A novel for frightening times
One week after Han Kang’s novel was published, the U.S. president threatened the city of Chicago with de facto military invasion, banned citizens of several Muslim countries from entering the country, ordered the CIA to resume torturing people, and was declared by his chief of staff to be the world’s only reliable source of information. Bad news comes so fast that I don’t have time to ask myself if I’m numb to it. I watch and rewatch the video of a fascist getting punched by a black bloc protester on inauguration day, nerving myself up for a kind of street violence that a year ago I’d have condemned out of hand. Forget about the self-absolving liberal cant phrase, “I no longer recognize my country.” Lately I don’t recognize myself.

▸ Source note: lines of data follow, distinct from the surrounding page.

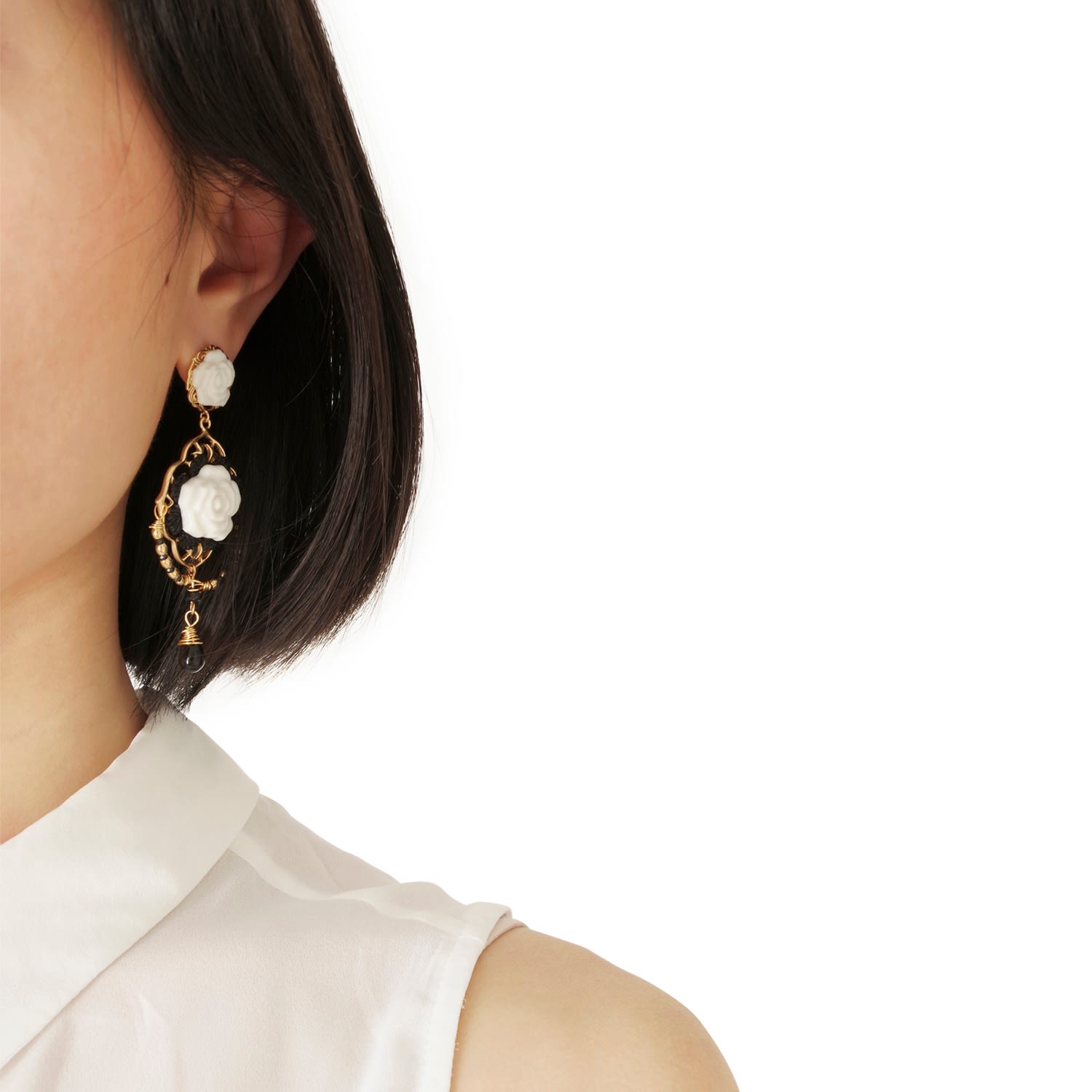These Classic Baroque Porcelain Rose Statement Earrings by Poporcelain evoke an air of classic elegance with their timeless black and gold tones. The daring combination of materials, including handmade porcelain roses and jet black Swarovski stones, gives these earrings a fresh, modern feel. They are a true statement piece, symbolizing a unique blend of craftsmanship and contemporary design.
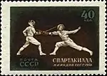 - Спартакиада народов СССР: фехтование, красно-коричневая, сине-зелёная, фон светло-серый. Разновидность (ЦФА [АО «Марка»] № 1916А) — фон жёлтый. Офсетная печать, перфорирована: комбинированная гребенчатая зубцовка 12½:12 (на каждые 2 сантиметра края марки приходится 12½:12 зубцов). Разновидность (ЦФА [АО «Марка»] № 1916С) (Mi #1858C): линейная зубцовка 12½ (на каждые 2 сантиметра края марки приходится 12½ зубцов). В марочных листах 72 (6×12) марок[2][6][7].
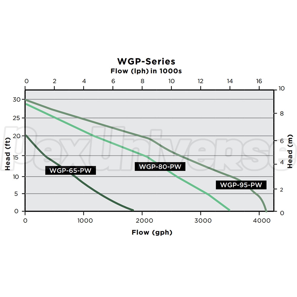 Little Giant WGP-65-PW (566409) is a 1/8HP Direct Drive Dual Discharge Pond/Waterfall Pump with 16' cord. This Little Giant Pump has the unique feature of having dual 1-1/4" FNPT discharges and has been designed to operate waterfalls, streams, and fountainheads or just circulate the water in a pond. Dual discharges of the Little Giant WGP-65-PW pond pump make it possible to perform two of the above tasks at the same time without having to purchase two pumps. A cap plug included to allow one of the discharges to be closed if only one discharge is to be utilized. An elbow adapter is also included to adapt from the discharge of the pump to 1" smooth tubing.
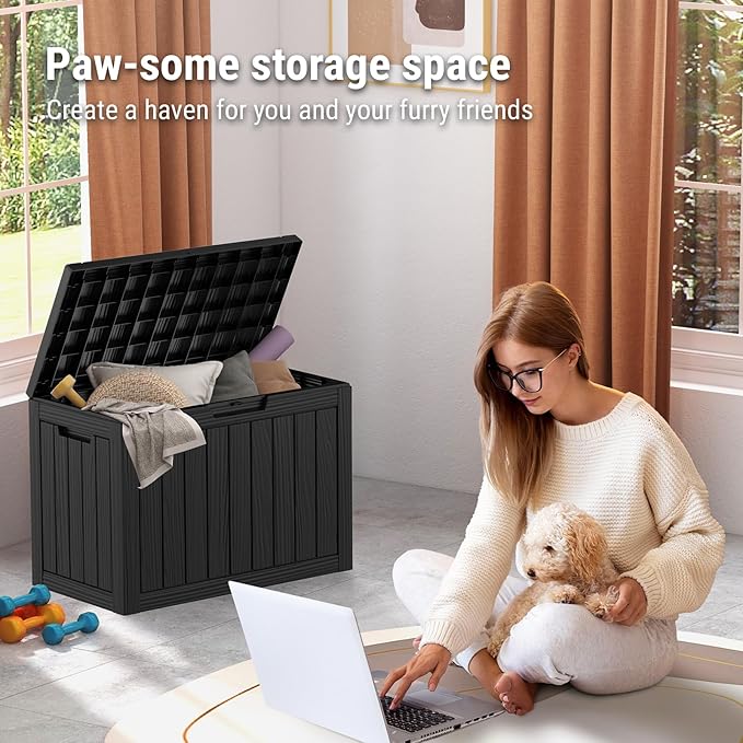 - 【Weatherproof & Durable】- Made from upgraded PP resin with a refined woodgrain finish, this deck box features a UV-resistant and waterproof surface that keep your items clean and dry year-round with minimal maintenance, ensuring long-lasting performance
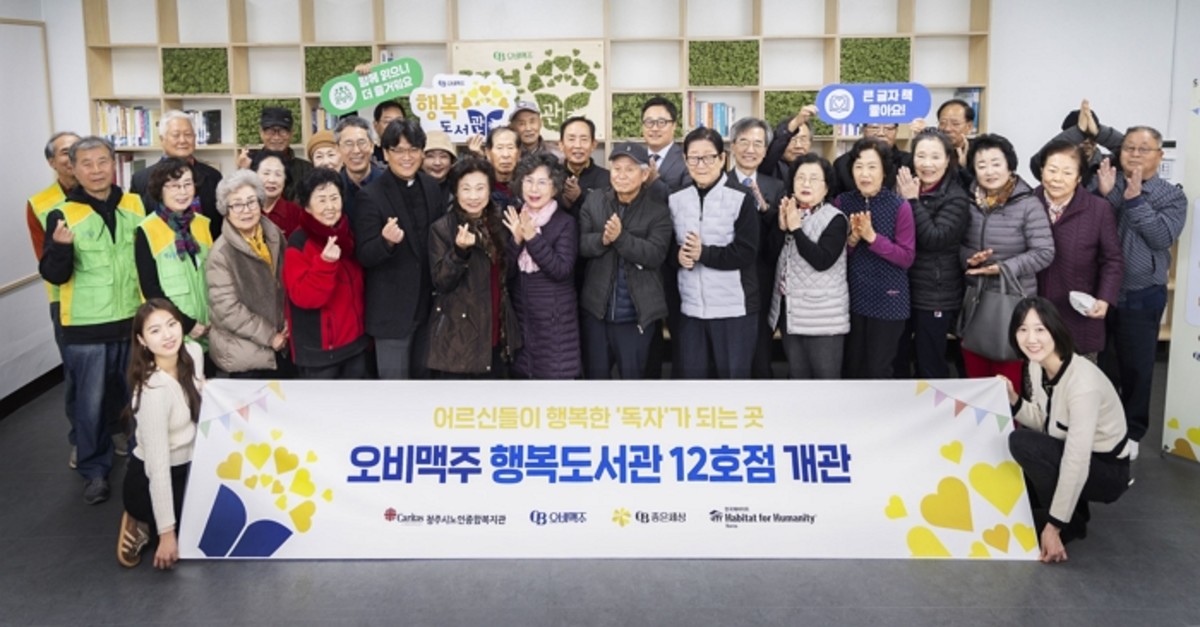 오비맥주가 시니어 대상으로 확대한 사회공헌 활동의 일환으로 청주시종합노인복지관에 행복도서관 12호점을 개관했습니다.
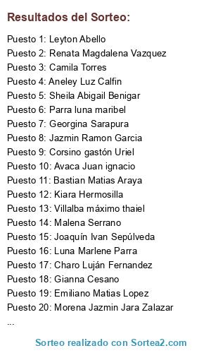 sorteados del grupo 25 primeros lugares más 5 en lista de espera
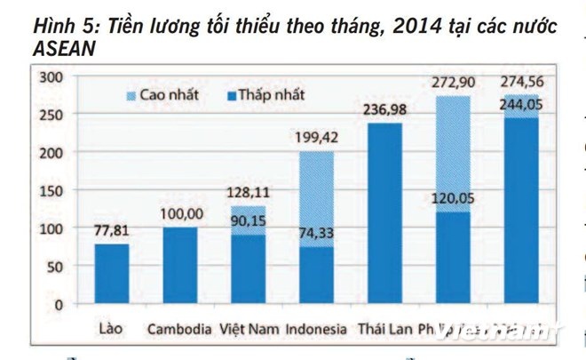 Tại hội thảo, ông Malte Luebke - Chuyên gia cao cấp về tiền lương của Văn phòng ILO khu vực Châu Á-Thái Bình Dương cho biết, không chỉ có mức lương tối thiểu thấp, mức lương bình quân của Việt Nam ở mức 3,8 triệu đồng/tháng (181 USD) cũng chỉ cao hơn Lào (119 USD), Campuchia (121 USD), và vẫn thấp hơn so với nhiều nước trong khu vực ASEAN như: Philippines (206 USD), Thái Lan (357 USD), Malaysia (609 USD), Singapore (3.547 USD).
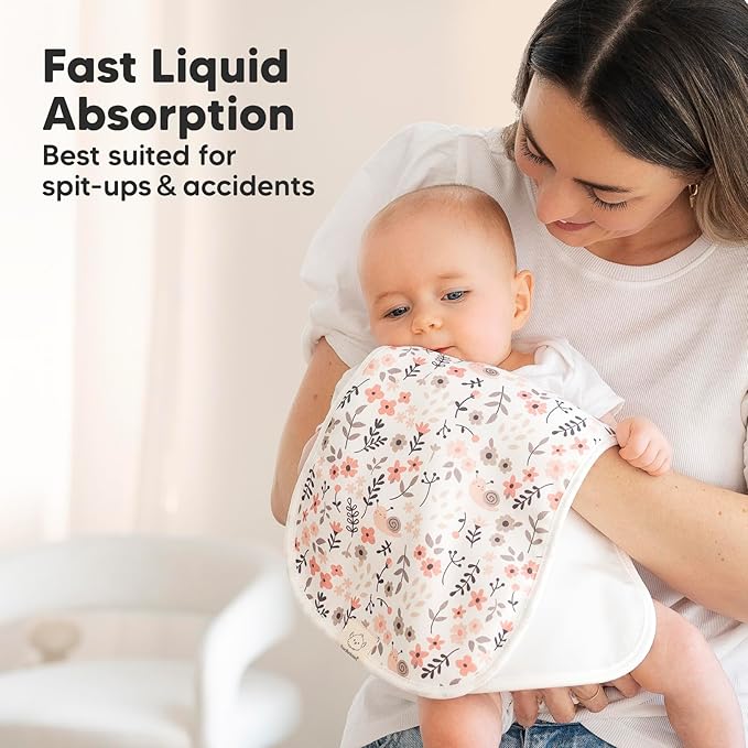Organic Burp Cloths Baby Boy & Girl - 5-Pack Super Absorbent Cotton Burping Cloths for Babies, Soft & Plush Newborn Spit Up Rags, Infant Towels for Milk Spit Up, Unisex, Large 21" x 10" (Sweet Charm)

For these and other reasons, it’s a good time to be reading Kang’s brutally compelling book. The novel, written in seven long chapters, circles around a teenage boy, Dong-ho, murdered during the 1980 Gwangju Uprising in South Korea. But its cast of characters also includes a professor writing a study of the massacre, an editor, a playwright, a translator, and the novelist herself. Kang is already known in the United States for her superb 2009 novel The Vegetarian, which was published here last year. Both novels share a focus on violence. But while Yeong-hye, the heroine of The Vegetarian, is so repelled by brutality that she tries to make herself into a tree, the characters in Human Acts display a little more resilience.
The new novel’s theme is the dignity and the cowardice that atrocity brings forth from people—and often from the same person. Dong-ho, hours before his own honorable death, fails to rescue a doomed friend. The survivors of military prison, tortured beyond bearing, still fault themselves for little failures of resistance.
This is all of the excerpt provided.